Thursday, November 26, 2009

Our Seven Wonders: Truly Thankful, Truly Blessed

Fallon Paige

Harrison Scott

Alyssa Jean

Ty Gabriel

Bailey Orrin

Gabrielle Marrae

Griffin Alan Kent

Sunday, November 22, 2009

Meet Mr. B

Today, Bailey came to our house to live full-time, capping three months of transitioning that included several drives to Winthrop where he lived with his foster family.

The state requires a transition period, during which we were able to gradually introduce ourselves to him, and him to us. He latched on immediately, began calling us Mumma and Dadda from the start, and has always called our home his own. He came to our house a few times, for overnights. And a couple of weekends.

Because of the ease with which everything has gone, we were able to speed up the transition.

He will have to live with us for six months before we can legally adopt him. A state requirement. But as far as we're concerned, he's ours now.

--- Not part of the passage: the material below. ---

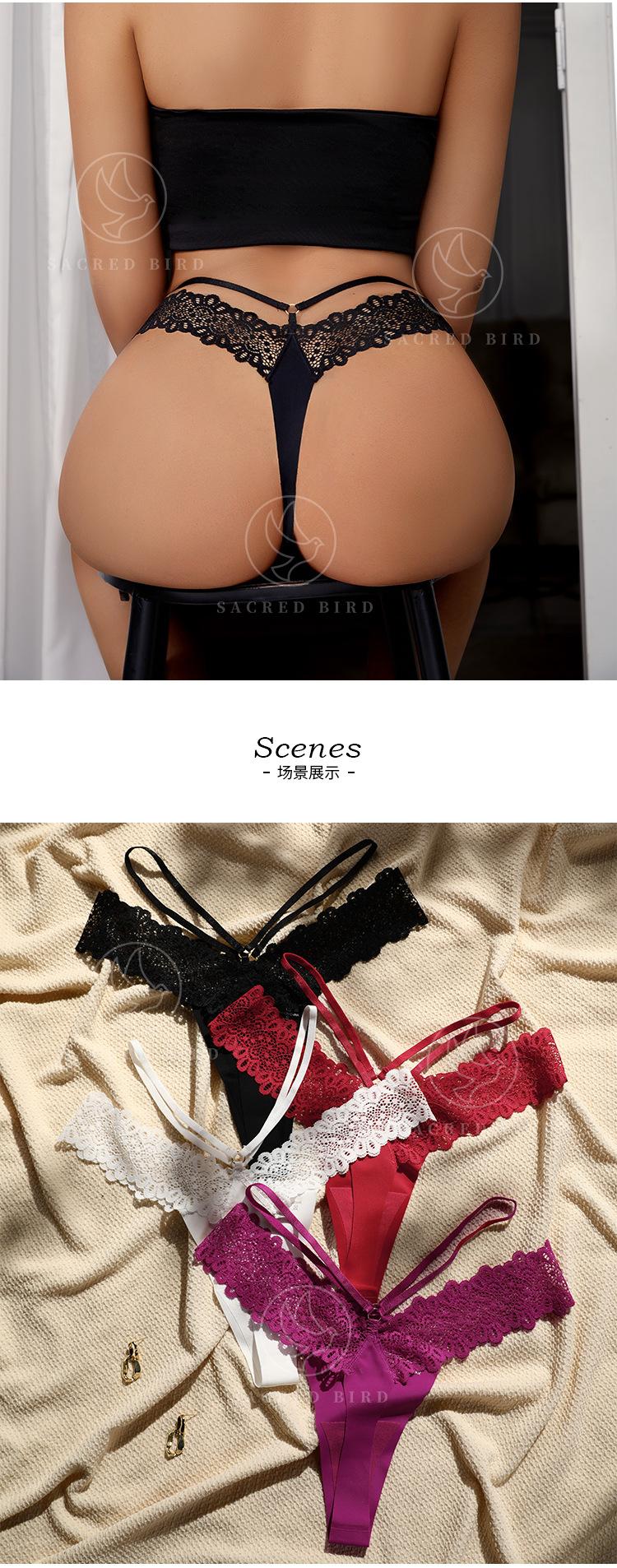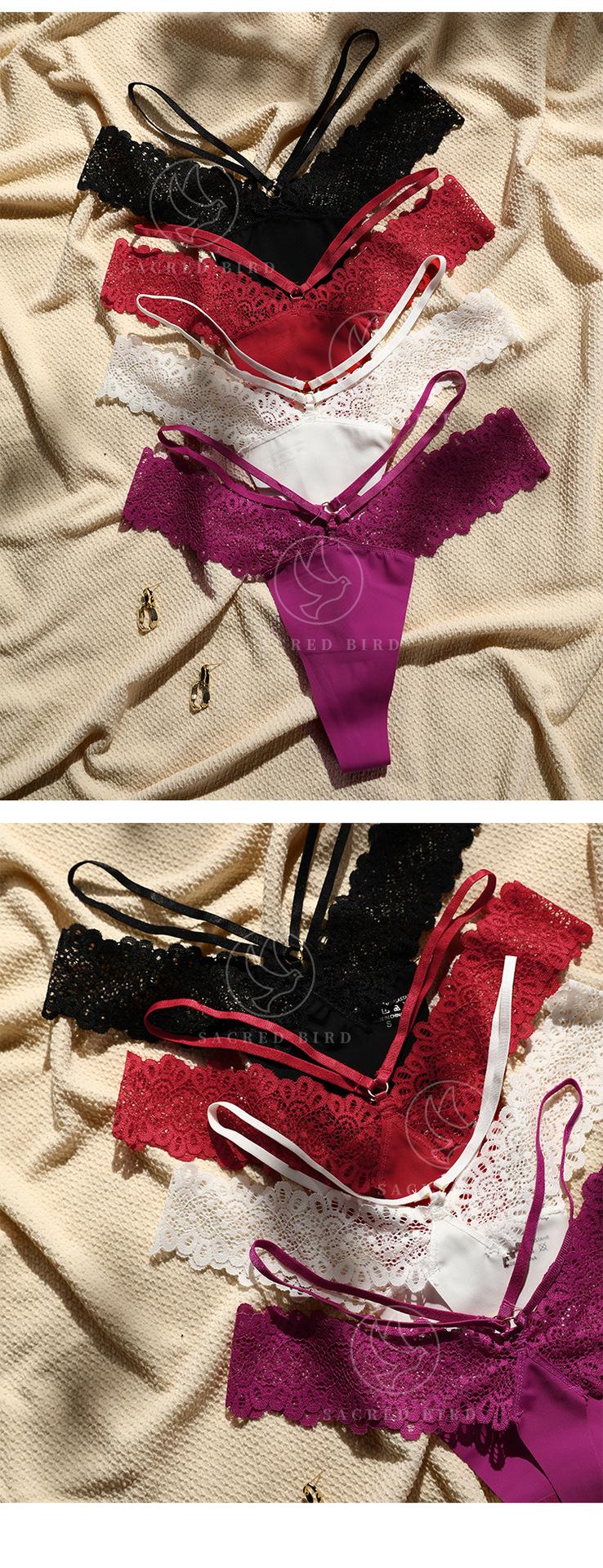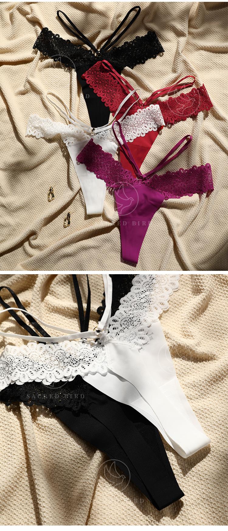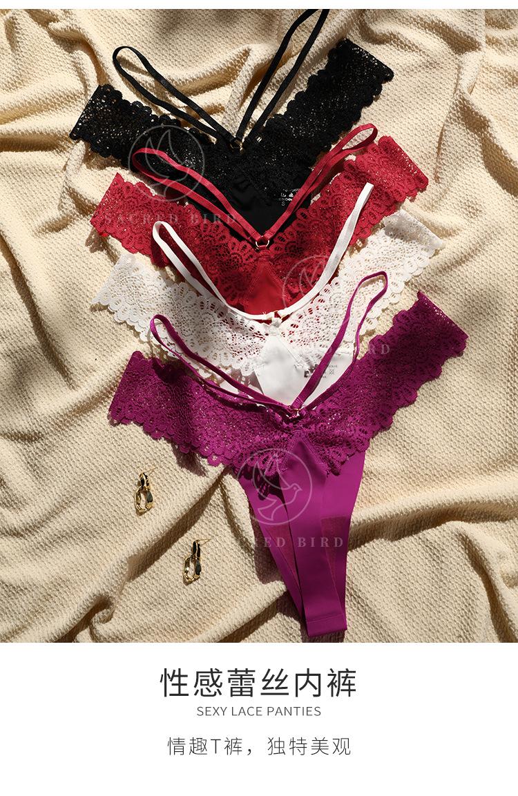 Encaje Francés Empalmado Sin Costuras Seda de Hielo de Secado Rápido Ropa Interior Deportiva Exquisitos Tirantes Finos Sexy Tanga de Talla Grande para Mujer

Corrine served a brunch for everyone - Bailey's foster family and their adopted son, who is Bailey's biological brother. Corrine's parents came, as did her brother and his family. All of our kids - except Ty - were here as well.

The coming days, following Thanksgiving break, will be a process of getting him into a school. We have a meeting with the local school district about the details on Tuesday. His is a peculiar case that needs the assistance of special education in order to meet certain developmental needs. We are treading in unfamiliar waters here. As his new advocates, there are more questions than answers. What does he really need? What should he be getting? How do we ensure that he's not treated just as a source of income for the local school district?

It's an ongoing education for us. But what isn't in life? We're ready to tackle it, that's fir sure.





Thursday, November 5, 2009

The Courage to Write

Corrine had a great idea yesterday. Why not turn our experiences in adoption into a short memoir? From a man's perspective - a father's point of view? Start from about a year ago when we took four weekends of classes together, and finish when B is legally ours, which would be sometime next June (if the current schedule holds.)

I loved the idea. It makes perfect sense, in fact. I'm a writer, a father, a man, and I think I could easily fill a couple hundred pages on the subject. I think people would read it, too.

Now, before you spew coffee through your noses this morning, please understand the motivation is NOT to profit off the adoption of our son. If you're a writer reading this, you're smiling. Because you know only about a half a percent of writers actually make money from their writing.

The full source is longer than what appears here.